Data extracted from a collection:

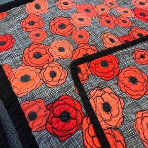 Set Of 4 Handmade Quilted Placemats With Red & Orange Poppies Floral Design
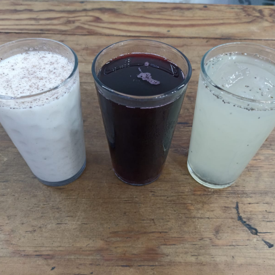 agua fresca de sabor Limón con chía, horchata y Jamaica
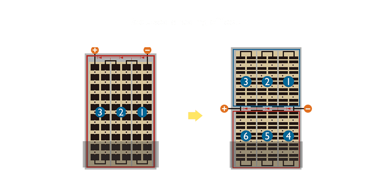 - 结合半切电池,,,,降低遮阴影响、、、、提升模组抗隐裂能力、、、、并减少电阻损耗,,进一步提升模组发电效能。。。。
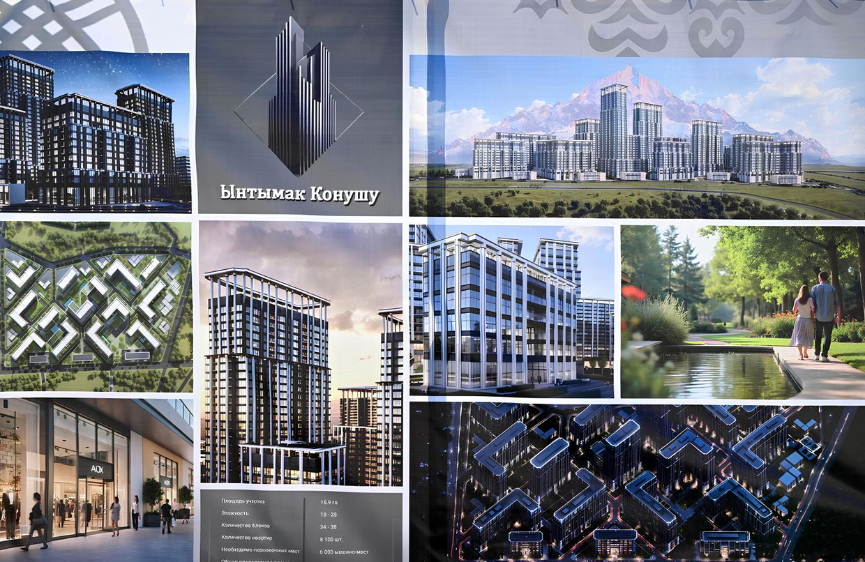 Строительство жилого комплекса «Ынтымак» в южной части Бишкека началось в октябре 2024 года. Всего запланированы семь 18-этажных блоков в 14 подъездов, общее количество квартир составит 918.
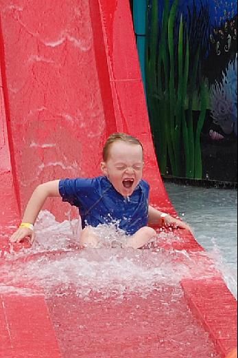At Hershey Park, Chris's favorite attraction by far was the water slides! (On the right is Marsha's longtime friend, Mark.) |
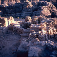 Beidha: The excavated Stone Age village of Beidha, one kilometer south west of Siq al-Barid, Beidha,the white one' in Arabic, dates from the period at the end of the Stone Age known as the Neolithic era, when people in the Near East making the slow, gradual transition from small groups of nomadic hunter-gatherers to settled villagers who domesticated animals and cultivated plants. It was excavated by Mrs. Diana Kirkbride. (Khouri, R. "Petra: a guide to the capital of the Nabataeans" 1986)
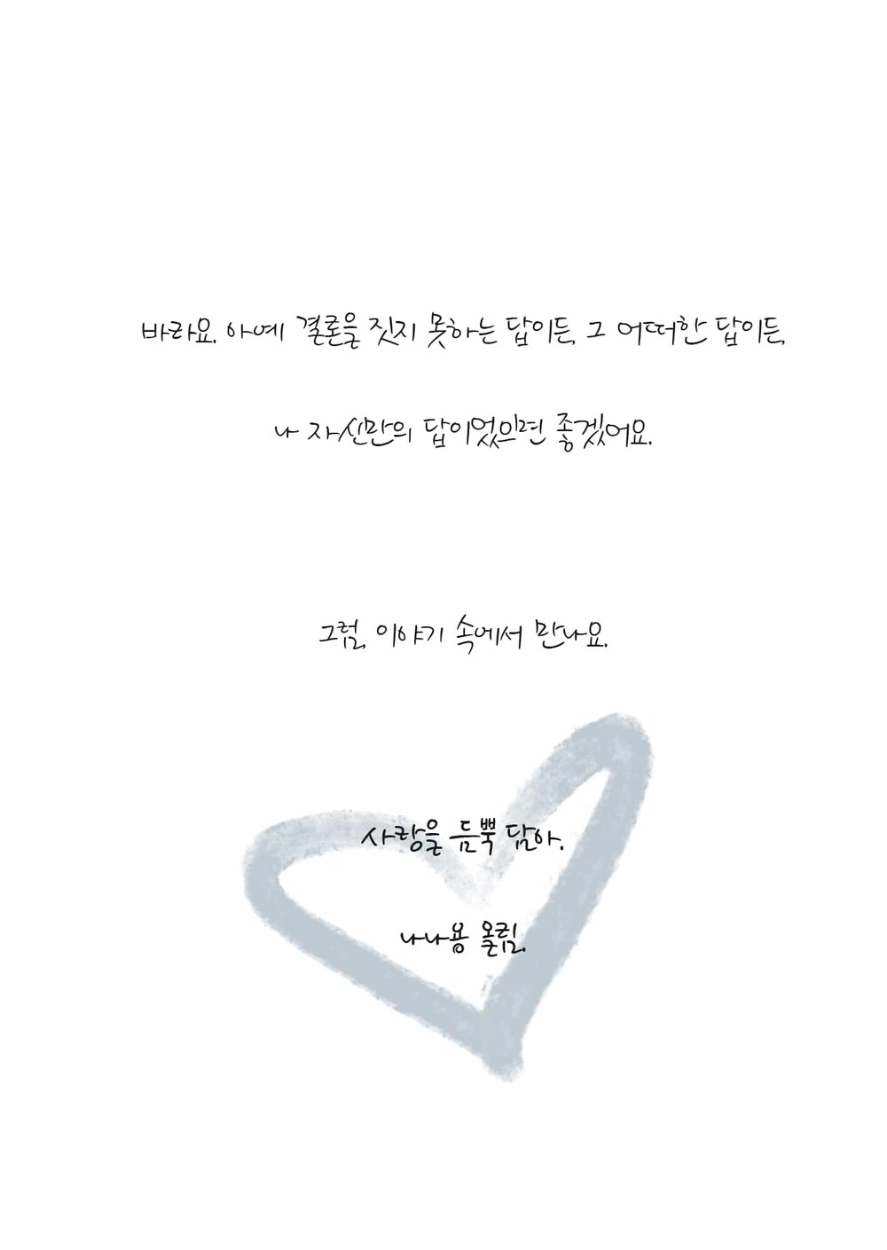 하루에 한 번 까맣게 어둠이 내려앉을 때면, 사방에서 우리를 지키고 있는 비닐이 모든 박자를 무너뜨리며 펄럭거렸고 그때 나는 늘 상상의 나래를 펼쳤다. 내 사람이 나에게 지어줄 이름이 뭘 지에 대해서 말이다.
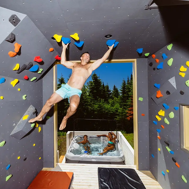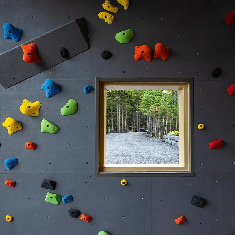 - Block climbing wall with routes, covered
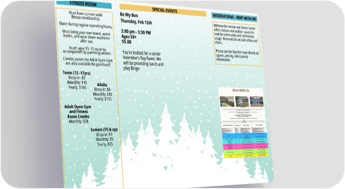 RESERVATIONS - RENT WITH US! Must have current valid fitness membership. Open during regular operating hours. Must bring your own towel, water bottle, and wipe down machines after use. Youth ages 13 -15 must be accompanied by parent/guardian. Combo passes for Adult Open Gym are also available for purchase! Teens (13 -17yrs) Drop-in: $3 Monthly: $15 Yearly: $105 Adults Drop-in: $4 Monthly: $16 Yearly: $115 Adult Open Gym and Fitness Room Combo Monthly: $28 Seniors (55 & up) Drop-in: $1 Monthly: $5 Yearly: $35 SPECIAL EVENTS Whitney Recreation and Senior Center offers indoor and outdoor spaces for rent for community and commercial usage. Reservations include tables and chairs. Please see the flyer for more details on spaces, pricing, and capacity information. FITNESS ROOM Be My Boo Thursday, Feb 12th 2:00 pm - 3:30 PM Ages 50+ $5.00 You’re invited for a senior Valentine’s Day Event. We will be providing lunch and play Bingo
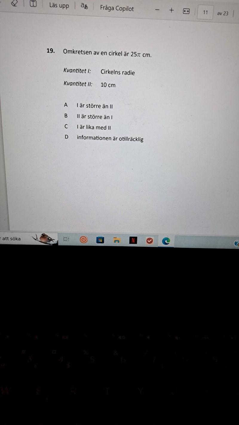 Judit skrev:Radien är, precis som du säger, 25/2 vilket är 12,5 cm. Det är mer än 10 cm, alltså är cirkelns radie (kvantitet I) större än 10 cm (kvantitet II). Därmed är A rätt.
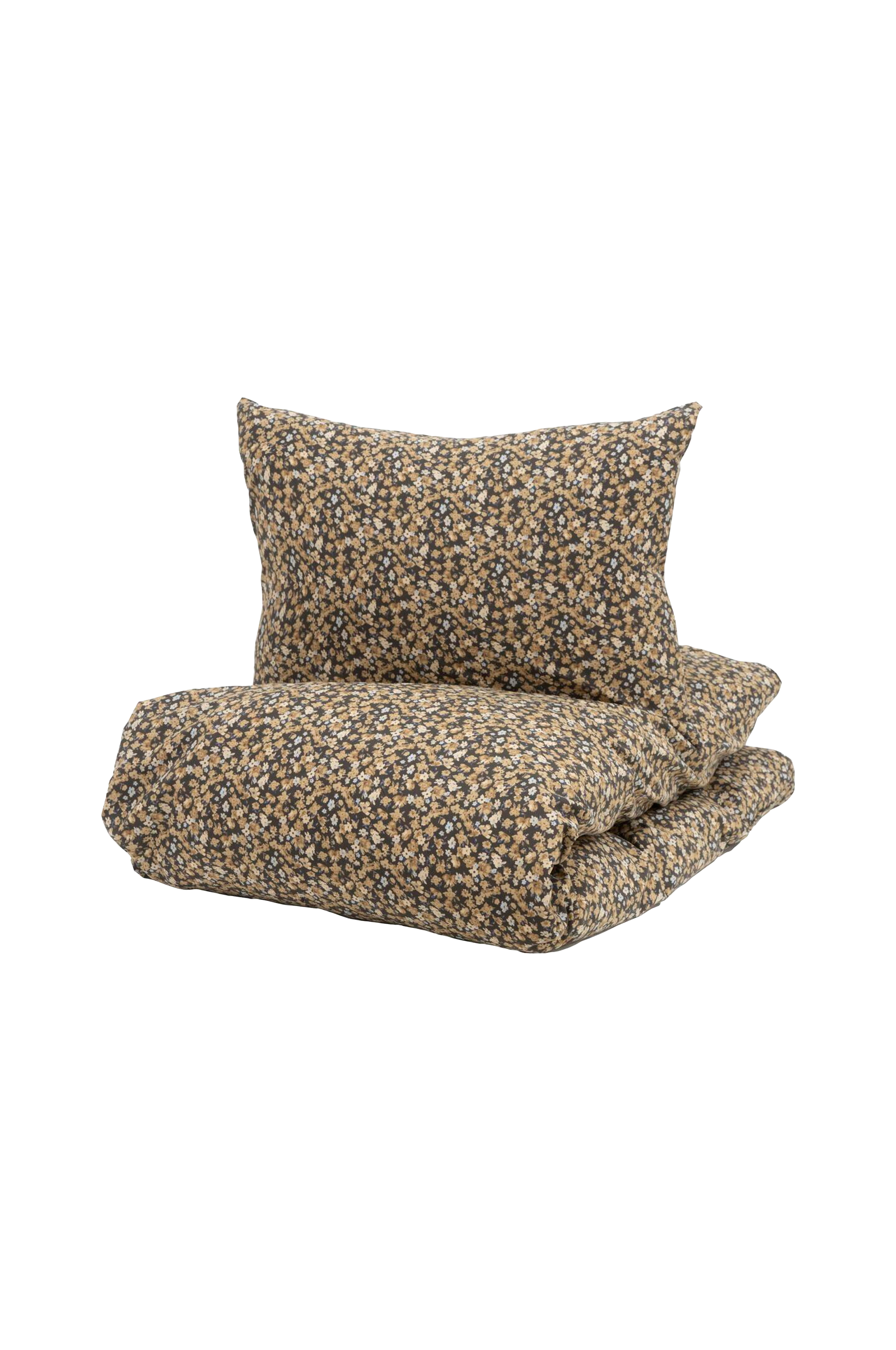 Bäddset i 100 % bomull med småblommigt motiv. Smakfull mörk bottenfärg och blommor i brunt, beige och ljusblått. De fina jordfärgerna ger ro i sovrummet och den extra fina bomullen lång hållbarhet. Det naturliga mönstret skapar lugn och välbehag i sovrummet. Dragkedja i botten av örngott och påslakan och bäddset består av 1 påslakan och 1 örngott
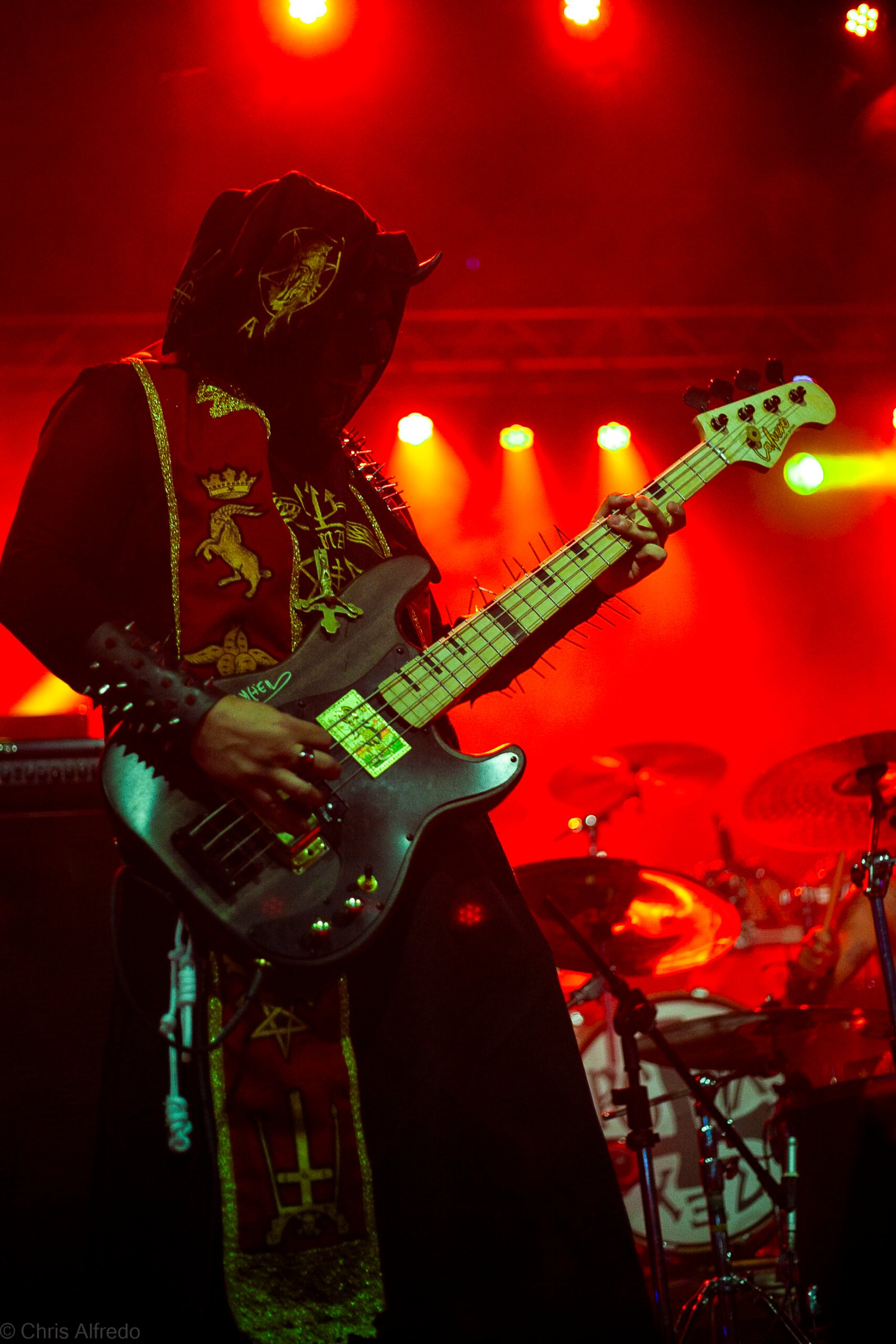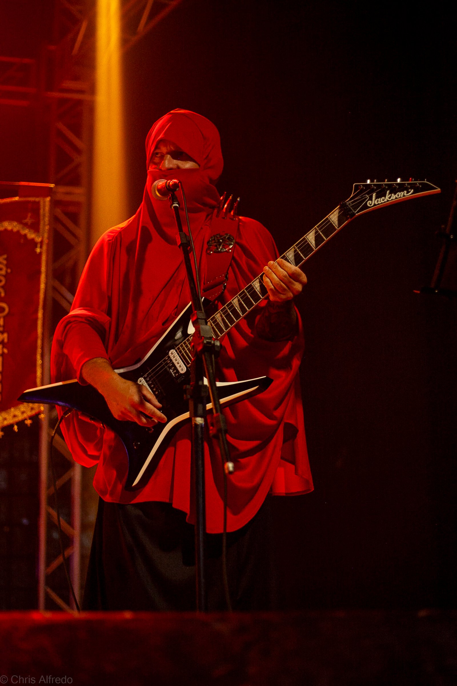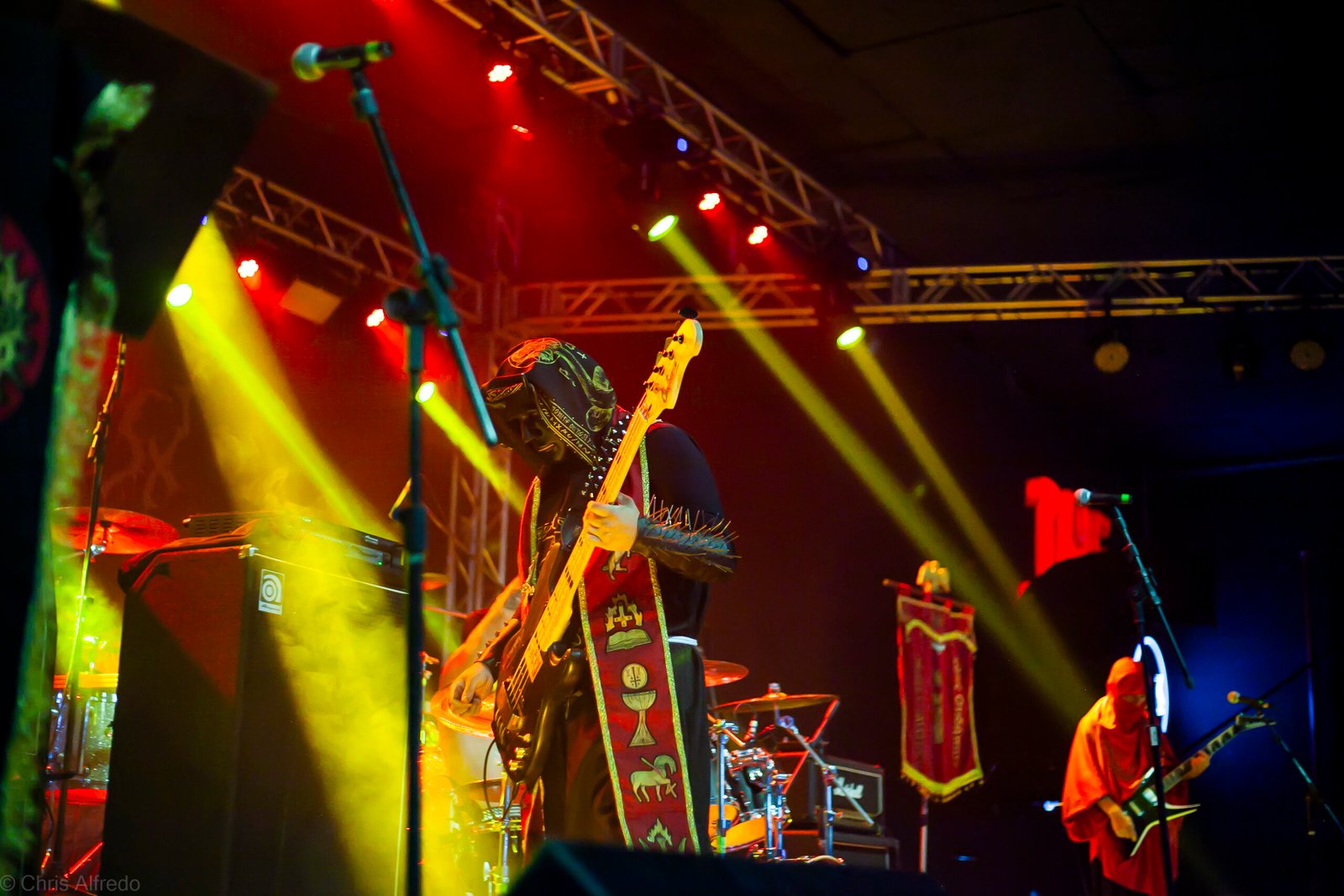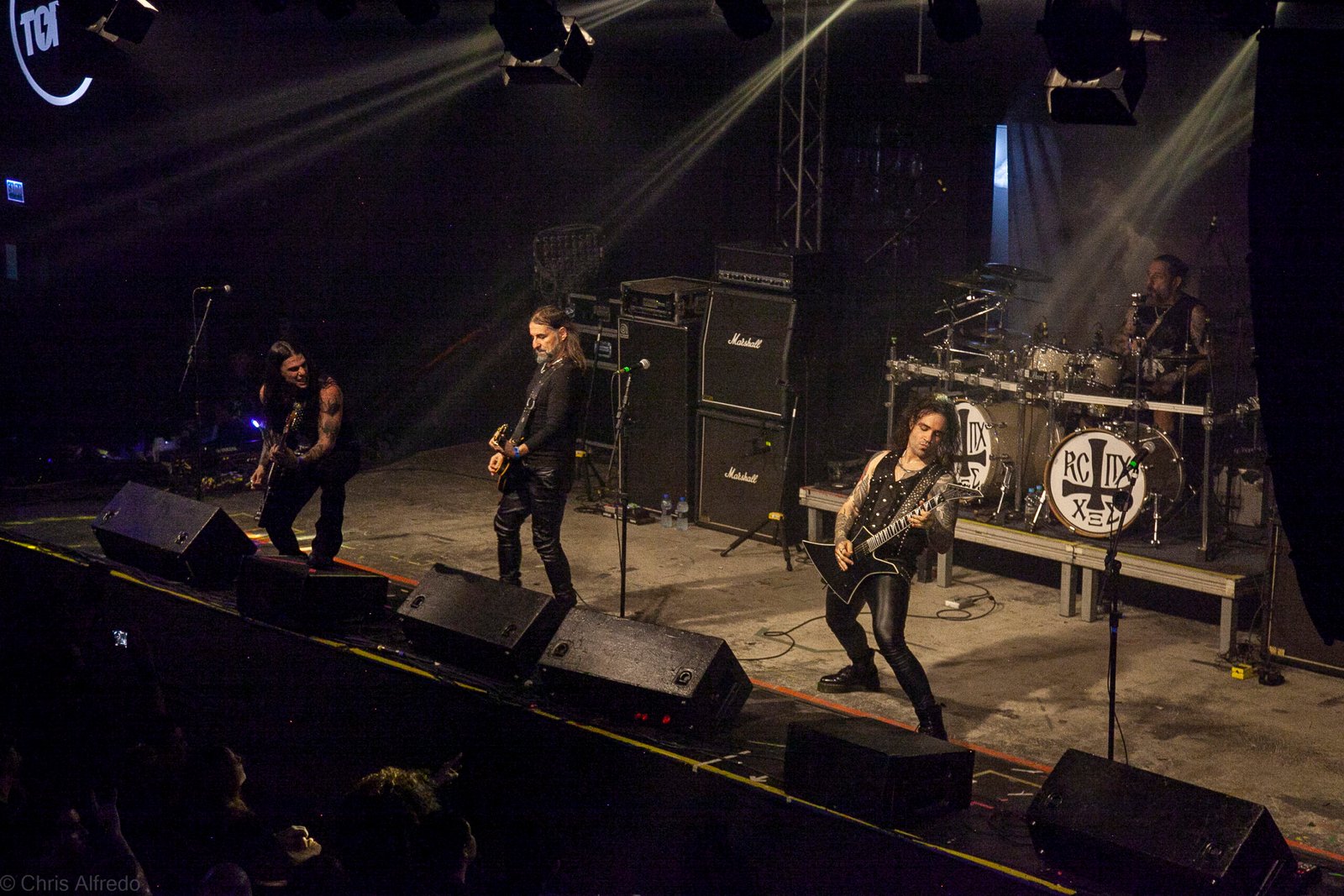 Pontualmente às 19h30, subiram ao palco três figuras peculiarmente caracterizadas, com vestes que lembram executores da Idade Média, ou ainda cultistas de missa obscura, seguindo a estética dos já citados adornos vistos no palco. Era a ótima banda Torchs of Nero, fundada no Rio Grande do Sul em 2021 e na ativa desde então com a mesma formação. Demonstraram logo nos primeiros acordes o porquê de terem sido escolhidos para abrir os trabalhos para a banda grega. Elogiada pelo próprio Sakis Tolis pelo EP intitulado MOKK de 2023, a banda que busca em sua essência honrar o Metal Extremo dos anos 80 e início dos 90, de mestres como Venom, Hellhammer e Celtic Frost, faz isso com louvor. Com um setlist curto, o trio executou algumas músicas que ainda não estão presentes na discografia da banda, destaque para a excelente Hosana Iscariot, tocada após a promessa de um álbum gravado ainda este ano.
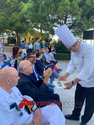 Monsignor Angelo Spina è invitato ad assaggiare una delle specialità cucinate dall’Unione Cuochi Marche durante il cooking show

Task requirements.
All lines after and including the one with "Judit skrev:Radien är, precis", through the end of the entries above, should be output exactly and by themselves. The pictures are to be left out.

Answer area.
 Judit skrev:Radien är, precis som du säger, 25/2 vilket är 12,5 cm. Det är mer än 10 cm, alltså är cirkelns radie (kvantitet I) större än 10 cm (kvantitet II). Därmed är A rätt.
 Bäddset i 100 % bomull med småblommigt motiv. Smakfull mörk bottenfärg och blommor i brunt, beige och ljusblått. De fina jordfärgerna ger ro i sovrummet och den extra fina bomullen lång hållbarhet. Det naturliga mönstret skapar lugn och välbehag i sovrummet. Dragkedja i botten av örngott och påslakan och bäddset består av 1 påslakan och 1 örngott
 Pontualmente às 19h30, subiram ao palco três figuras peculiarmente caracterizadas, com vestes que lembram executores da Idade Média, ou ainda cultistas de missa obscura, seguindo a estética dos já citados adornos vistos no palco. Era a ótima banda Torchs of Nero, fundada no Rio Grande do Sul em 2021 e na ativa desde então com a mesma formação. Demonstraram logo nos primeiros acordes o porquê de terem sido escolhidos para abrir os trabalhos para a banda grega. Elogiada pelo próprio Sakis Tolis pelo EP intitulado MOKK de 2023, a banda que busca em sua essência honrar o Metal Extremo dos anos 80 e início dos 90, de mestres como Venom, Hellhammer e Celtic Frost, faz isso com louvor. Com um setlist curto, o trio executou algumas músicas que ainda não estão presentes na discografia da banda, destaque para a excelente Hosana Iscariot, tocada após a promessa de um álbum gravado ainda este ano.
 Monsignor Angelo Spina è invitato ad assaggiare una delle specialità cucinate dall’Unione Cuochi Marche durante il cooking show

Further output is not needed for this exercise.